Noam Chomsky On The Death Of Bin Laden

To be honest, I pretty much have my fill about the whole Bin Laden affair. This includes the revolting jingoism displayed by American politicians and establishment media such as the New York Times, as well as the ‘funny’ comics and internet memes. I wish we could turn to something else now.

Nevertheless, criticism must continue to be voiced, so here’s an op-ed by no one less than Noam Chomsky.

It’s increasingly clear that the operation was a planned assassination, multiply violating elementary norms of international law. There appears to have been no attempt to apprehend the unarmed victim, as presumably could have been done by 80 commandos facing virtually no opposition—except, they claim, from his wife, who lunged towards them. In societies that profess some respect for law, suspects are apprehended and brought to fair trial. I stress “suspects.” In April 2002, the head of the FBI, Robert Mueller, informed the press that after the most intensive investigation in history, the FBI could say no more than that it “believed” that the plot was hatched in Afghanistan, though implemented in the UAE and Germany. What they only believed in April 2002, they obviously didn’t know 8 months earlier, when Washington dismissed tentative offers by the Taliban (how serious, we do not know, because they were instantly dismissed) to extradite bin Laden if they were presented with evidence—which, as we soon learned, Washington didn’t have. Thus Obama was simply lying when he said, in his White House statement, that “we quickly learned that the 9/11 attacks were carried out by al Qaeda.”

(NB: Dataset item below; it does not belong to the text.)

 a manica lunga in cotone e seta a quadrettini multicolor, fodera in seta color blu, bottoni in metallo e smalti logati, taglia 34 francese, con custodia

Nothing serious has been provided since. There is much talk of bin Laden’s “confession,” but that is rather like my confession that I won the Boston Marathon. He boasted of what he regarded as a great achievement.

There is also much media discussion of Washington’s anger that Pakistan didn’t turn over bin Laden, though surely elements of the military and security forces were aware of his presence in Abbottabad. Less is said about Pakistani anger that the U.S. invaded their territory to carry out a political assassination. Anti-American fervor is already very high in Pakistan, and these events are likely to exacerbate it. The decision to dump the body at sea is already, predictably, provoking both anger and skepticism in much of the Muslim world.

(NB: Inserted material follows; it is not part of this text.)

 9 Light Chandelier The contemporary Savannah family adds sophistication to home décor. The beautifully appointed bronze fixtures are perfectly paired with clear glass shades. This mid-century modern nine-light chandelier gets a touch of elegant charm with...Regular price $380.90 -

We might ask ourselves how we would be reacting if Iraqi commandos landed at George W. Bush’s compound, assassinated him, and dumped his body in the Atlantic. Uncontroversially, his crimes vastly exceed bin Laden’s, and he is not a “suspect” but uncontroversially the “decider” who gave the orders to commit the “supreme international crime differing only from other war crimes in that it contains within itself the accumulated evil of the whole” (quoting the Nuremberg Tribunal) for which Nazi criminals were hanged: the hundreds of thousands of deaths, millions of refugees, destruction of much of the country, the bitter sectarian conflict that has now spread to the rest of the region.

There’s more to say about [Cuban airline bomber Orlando] Bosch, who just died peacefully in Florida, including reference to the “Bush doctrine” that societies that harbor terrorists are as guilty as the terrorists themselves and should be treated accordingly. No one seemed to notice that Bush was calling for invasion and destruction of the U.S. and murder of its criminal president.

Same with the name, Operation Geronimo. The imperial mentality is so profound, throughout western society, that no one can perceive that they are glorifying bin Laden by identifying him with courageous resistance against genocidal invaders. It’s like naming our murder weapons after victims of our crimes: Apache, Tomahawk… It’s as if the Luftwaffe were to call its fighter planes “Jew” and “Gypsy.”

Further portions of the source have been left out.